A paper published this week on crop yields under a stratospheric aerosol regime has generated much discussion in the blogosphere. The authors compared two model scenarios, one a world with twice the historical level of CO2 in the atmosphere, the other a 2xCO2 world augmented with stratospheric aerosols, and compared them to each other and to current conditions in terms of food production. The results show that crop yields increased in the geoengineered, 2xCO2 world relative to the non-geoengineered 2xCO2 world. This evidence contradicts the common assertion that agriculture would be compromised in a geoengineered world--according to this study, the opposite would occur since the positive growth effects of CO2 fertilization would not be offset by temperature stresses associated with an unadulterated greenhouse world. Instead, SAI would minimize these stresses so that higher CO2 would lead to higher crop yields and food production.

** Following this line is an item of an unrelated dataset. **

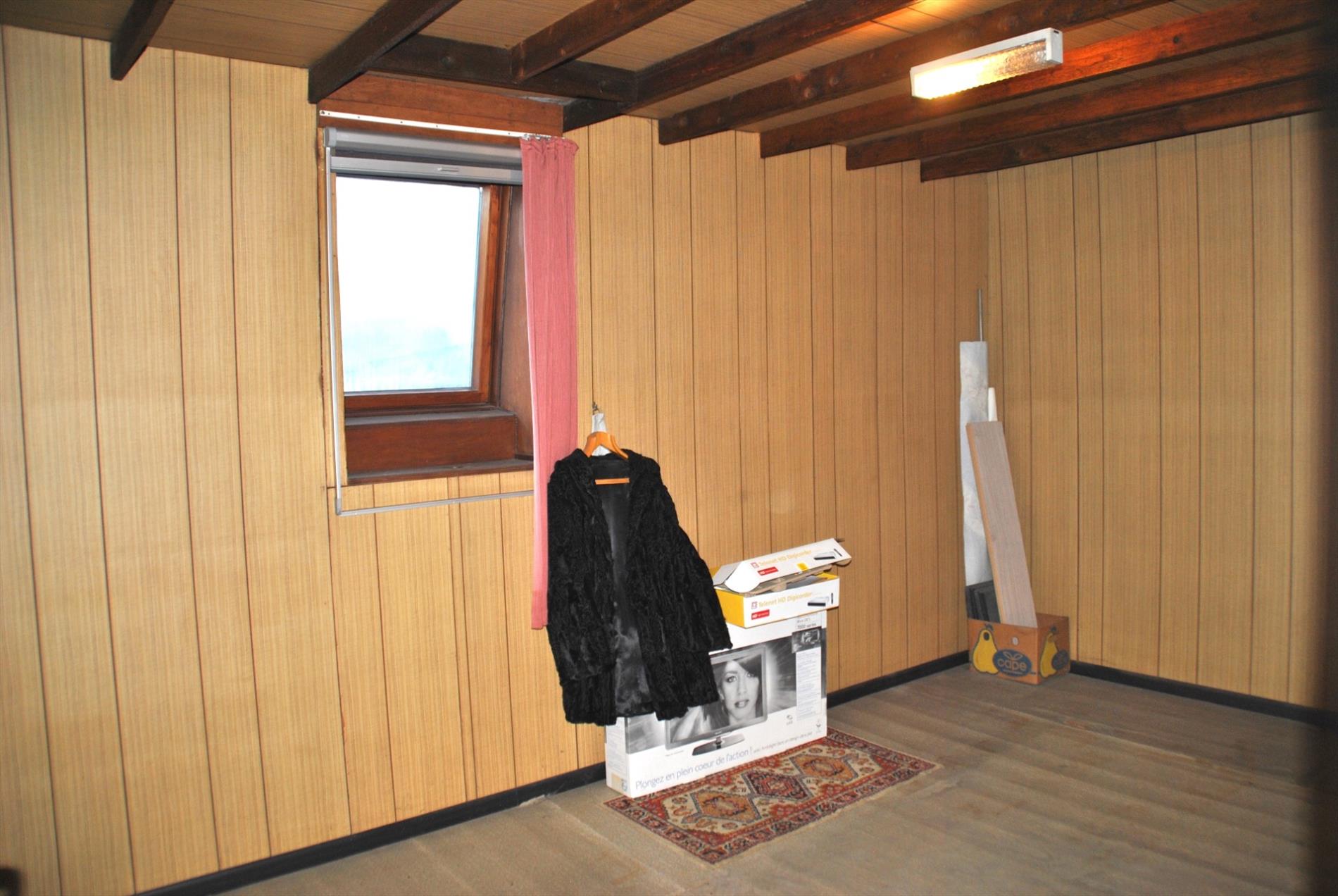 We stappen het huis binnen via de inkomhal met toegang naar de bovenverdieping en de ‘voorplaats’ langs de straatzijde. Aansluitend hebben we de leefruimte met keukentje. Boven vinden we 2 slaapkamers terug.
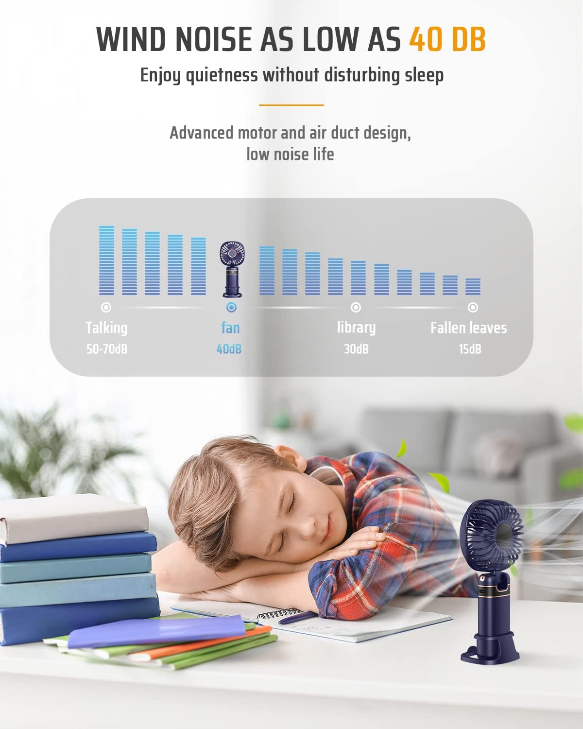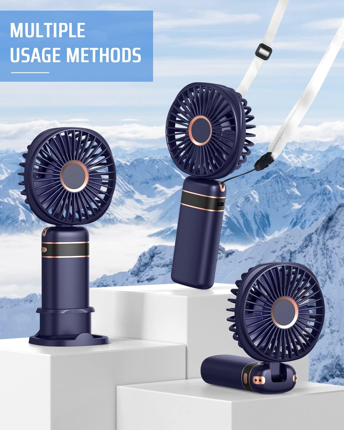 Our mini handheld USB fan offers portable cooling with 5 adjustable speeds, a 4000mAh rechargeable battery, and a versatile folding design that allows handheld use, tabletop placement, or neck hanging for home, office, or outdoor travel. This ultra-quiet fan features a simulated natural circulation wind mode, long-lasting battery life of 5–20 hours depending on speed, and an LED display for easy monitoring of power and usage time.

This has generally been greeted warmly by supporters of geoengineering research. In at least one respect, however, the research design of this and similar studies subtly undercuts their position and strengthens the hand of geoengineering opponents. Specifically, by modeling only two future scenarios, a geoengineered 2xCO2 world and a non-geoengineered 2xCO2 world, and not allowing the inclusion of emissions mitigation, the authors lend credence to the false charge that abatement and geoengineering are mutually exclusive activities, and policymakers must choose either one or the other. This assertion is patently untrue and runs counter to the policy preferences of the vast majority of the geoengineering community, which is clearly committed to emissions cuts first and geoengineering only as a final, auxiliary measure. In framing geoengineering as a stand-alone policy option, these studies inadvertantly provide cover for those who would present this false choice.
One way to avoid this would be for researchers to include an additional mixed mitigation/geoengineering scenario as a standard feature of such modeling exercises. While it is important to know the independent effects of geoengineering for analytical purposes, testing the combined effects of geoengineering and emissions cuts would both disarm irresponsible critics, and tell us more about the conditions likely to obtain under the most responsible policy scenario.